#### Exercise objective:
Reproduce the records that follow without alteration, apart from removing the pictures.

(Dataset items)
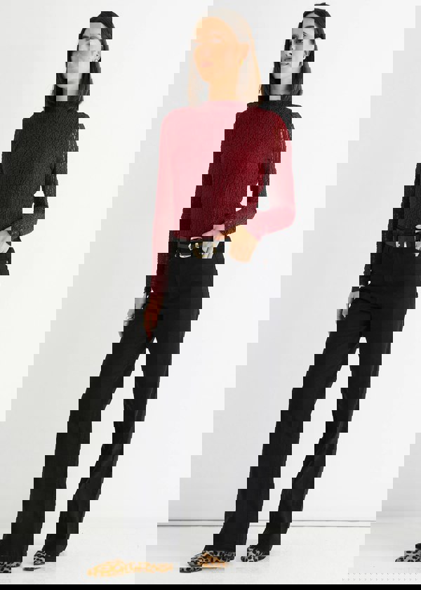 This burgundy top combines casual comfort with bold style. Crafted from soft jersey fabric, it features a high neck and long lace sleeves for a touch of elegance. Perfect for adding a confident, comfortable edge to your everyday wardrobe.
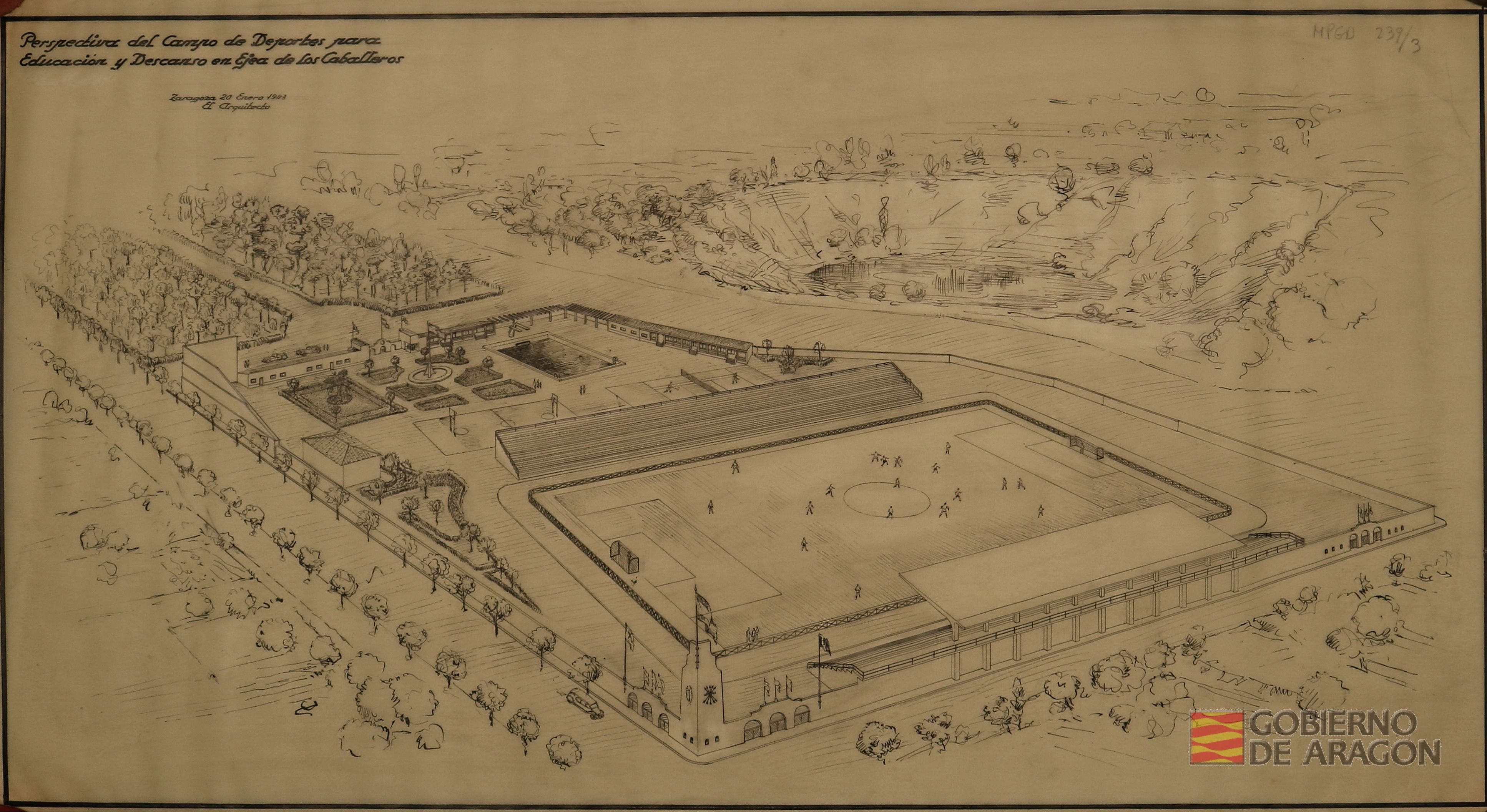 Perspectiva del Campo de deportes de la Obra Sindical de Educación y Descanso en Ejea de los Caballeros
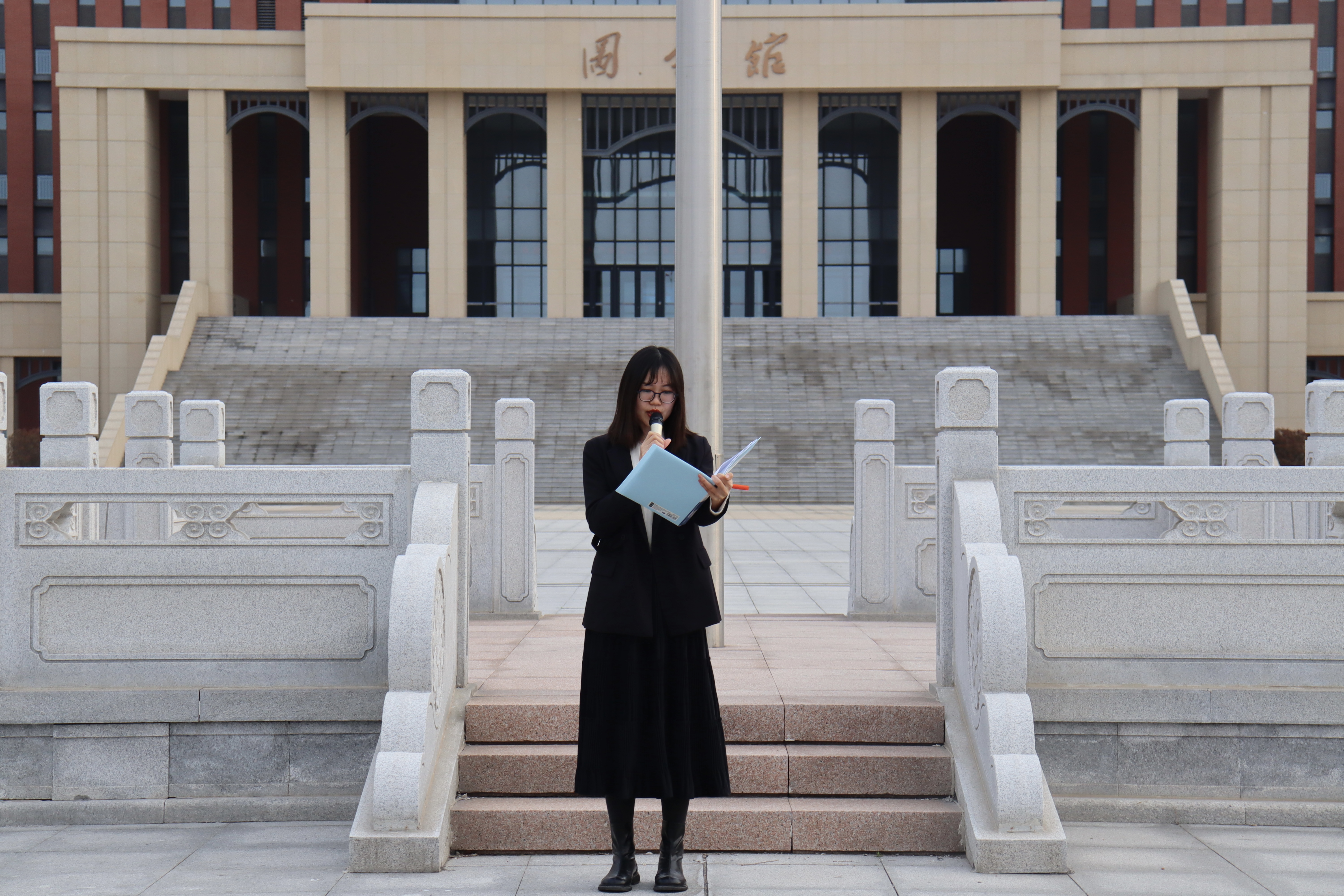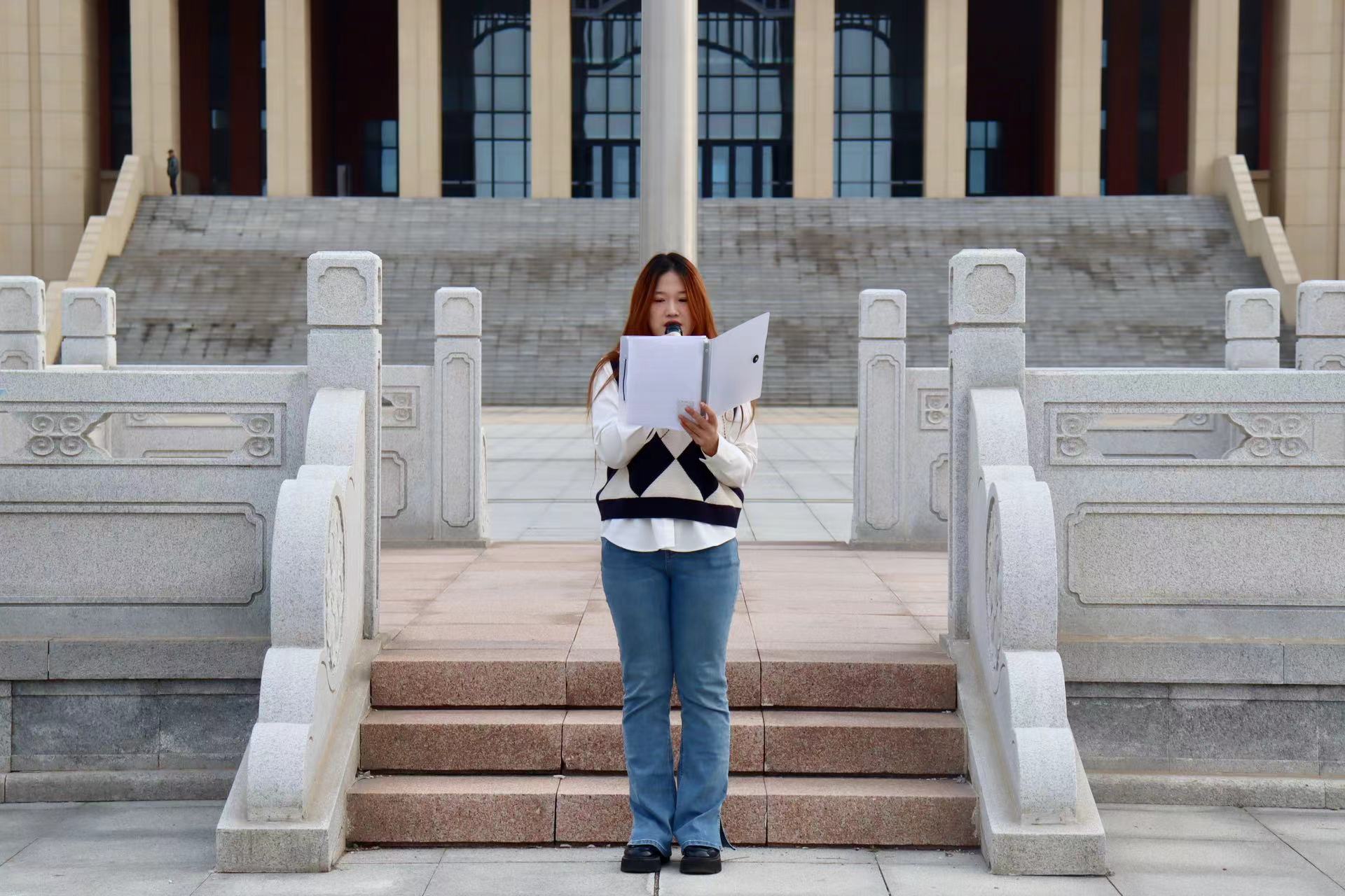 在城阳校区,学院辅导员王洋洋以“立志当先、笃行致远”为主题发表演讲,阐述了“立大志”和“笃行践”的内涵和重要性,强调立大志、笃行践不仅是每个人的责任和义务,更是实现个人价值、推动社会进步的重要途径。优秀学生代表王岩作国旗下演讲,分享自身的大学成长故事。王岩围绕竞赛和实习实践两方面阐述了大学心路历程和未来发展方向。他强调我们每一个人都是独立而独特的存在,每个人都应该真正明白自己想要的是什么,从而朝着那个目标不断努力前行。
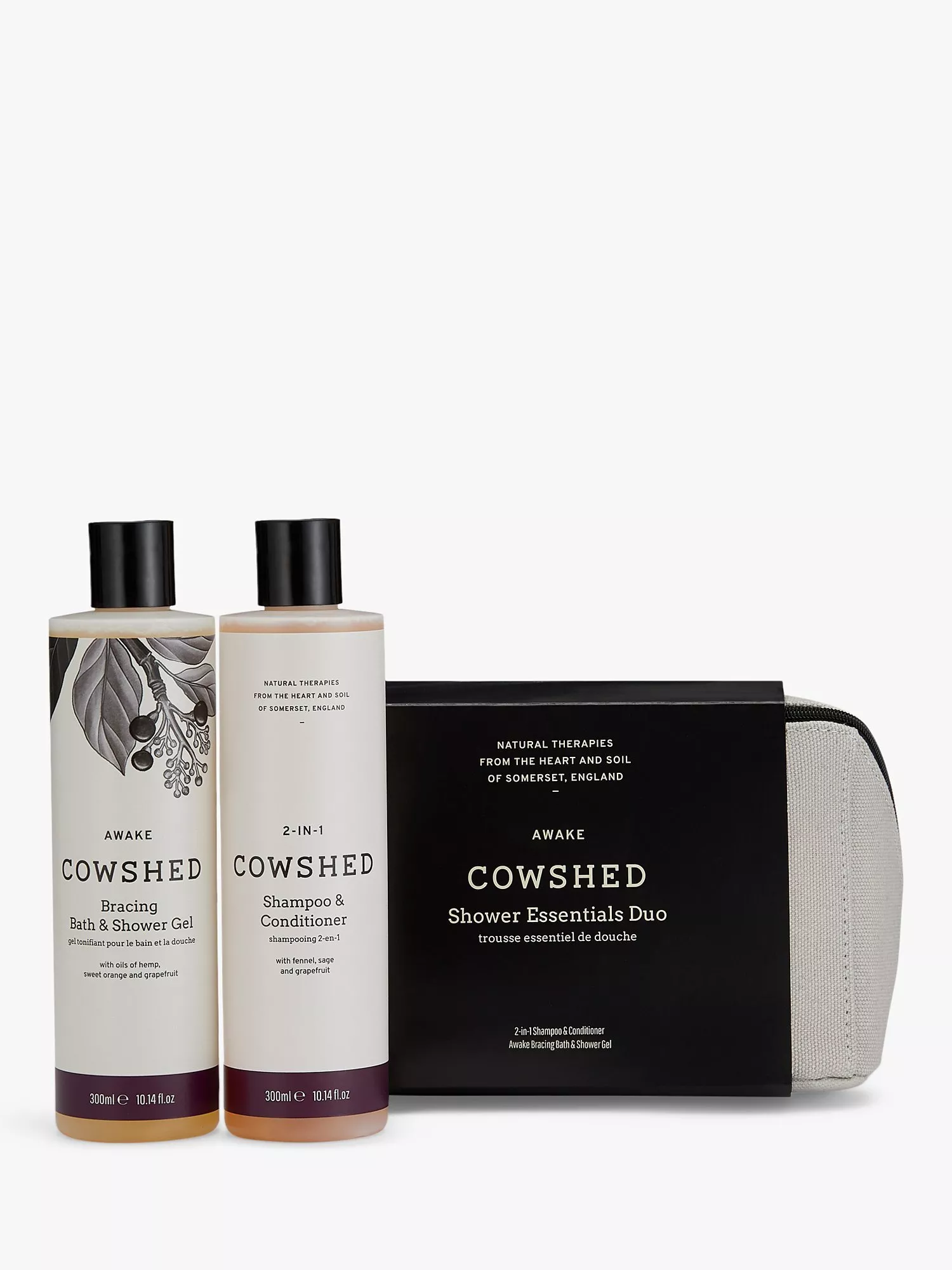 In a sturdy Cowshed washbag, it makes a great travel companion.
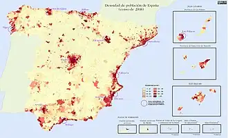 Espanha (em castelhano: España; [esˈpaɲa] (ⓘ)), oficialmente Reino de/da Espanha (Reino de España),[nt 1][nt 2] é um país principalmente localizado na Península Ibérica na Europa. Seu território também inclui dois arquipélagos: as ilhas Canárias, na costa da África, e as ilhas Baleares, no mar Mediterrâneo. Os enclaves africanos de Ceuta e Melilla fazem da Espanha o único país europeu a ter uma fronteira terrestre com um país africano (Marrocos). Várias pequenas ilhas no mar de Alborão também fazem parte do território espanhol. A Espanha continental é limitada a sul e a leste pelo Mediterrâneo, exceto por uma pequena fronteira terrestre com Gibraltar; a norte e a nordeste pela França, por Andorra e pelo Golfo da Biscaia; e a oeste e noroeste por Portugal e pelo Oceano Atlântico. Com uma área de 505 990 km2, a Espanha é o maior país da Europa Meridional, o segundo maior país da Europa Ocidental e da União Europeia (UE) e o quarto maior país de todo o continente europeu. Também é o sexto país mais populoso da Europa e o quarto da UE. A capital e maior cidade é Madri; outras grandes áreas urbanas incluem Barcelona, Valência, Sevilha, Málaga, Bilbau e Granada.
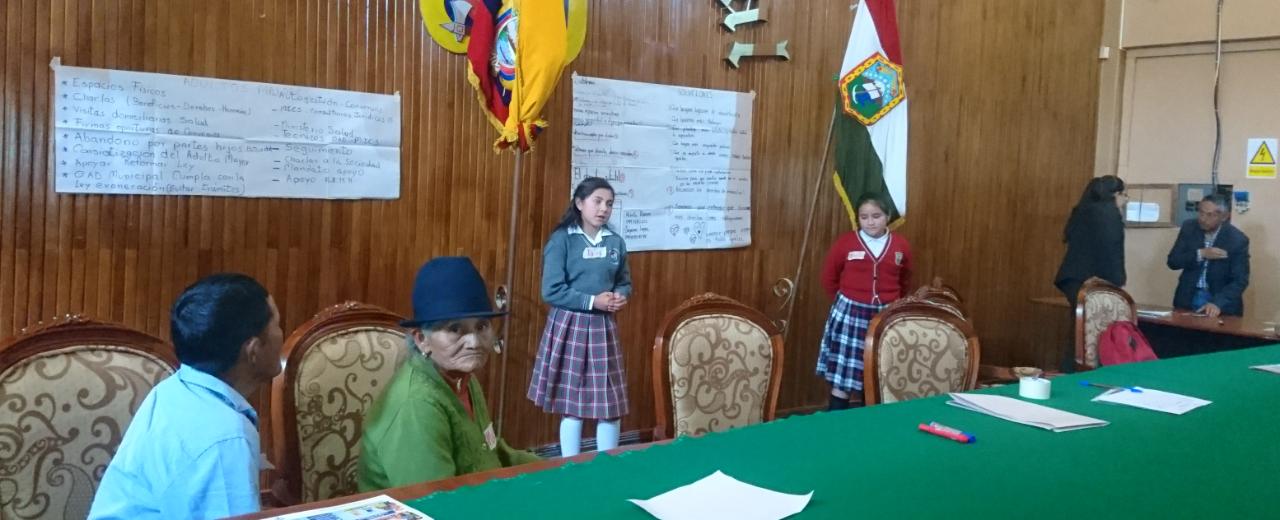 A través de un taller con los consejos consultivos de niñas, niños, adolescentes, jóvenes y personas adultas mayores, en el cantón Pelileo, se priorizaron las preocupaciones de estos grupos generacionales, para transmitirlo a las y los candidatos a la alcaldía, a través de mandatos que serán entregados.

#### Exercise response:
 This burgundy top combines casual comfort with bold style. Crafted from soft jersey fabric, it features a high neck and long lace sleeves for a touch of elegance. Perfect for adding a confident, comfortable edge to your everyday wardrobe.
 Perspectiva del Campo de deportes de la Obra Sindical de Educación y Descanso en Ejea de los Caballeros
 在城阳校区,学院辅导员王洋洋以“立志当先、笃行致远”为主题发表演讲,阐述了“立大志”和“笃行践”的内涵和重要性,强调立大志、笃行践不仅是每个人的责任和义务,更是实现个人价值、推动社会进步的重要途径。优秀学生代表王岩作国旗下演讲,分享自身的大学成长故事。王岩围绕竞赛和实习实践两方面阐述了大学心路历程和未来发展方向。他强调我们每一个人都是独立而独特的存在,每个人都应该真正明白自己想要的是什么,从而朝着那个目标不断努力前行。
 In a sturdy Cowshed washbag, it makes a great travel companion.
 Espanha (em castelhano: España; [esˈpaɲa] (ⓘ)), oficialmente Reino de/da Espanha (Reino de España),[nt 1][nt 2] é um país principalmente localizado na Península Ibérica na Europa. Seu território também inclui dois arquipélagos: as ilhas Canárias, na costa da África, e as ilhas Baleares, no mar Mediterrâneo. Os enclaves africanos de Ceuta e Melilla fazem da Espanha o único país europeu a ter uma fronteira terrestre com um país africano (Marrocos). Várias pequenas ilhas no mar de Alborão também fazem parte do território espanhol. A Espanha continental é limitada a sul e a leste pelo Mediterrâneo, exceto por uma pequena fronteira terrestre com Gibraltar; a norte e a nordeste pela França, por Andorra e pelo Golfo da Biscaia; e a oeste e noroeste por Portugal e pelo Oceano Atlântico. Com uma área de 505 990 km2, a Espanha é o maior país da Europa Meridional, o segundo maior país da Europa Ocidental e da União Europeia (UE) e o quarto maior país de todo o continente europeu. Também é o sexto país mais populoso da Europa e o quarto da UE. A capital e maior cidade é Madri; outras grandes áreas urbanas incluem Barcelona, Valência, Sevilha, Málaga, Bilbau e Granada.
 A través de un taller con los consejos consultivos de niñas, niños, adolescentes, jóvenes y personas adultas mayores, en el cantón Pelileo, se priorizaron las preocupaciones de estos grupos generacionales, para transmitirlo a las y los candidatos a la alcaldía, a través de mandatos que serán entregados.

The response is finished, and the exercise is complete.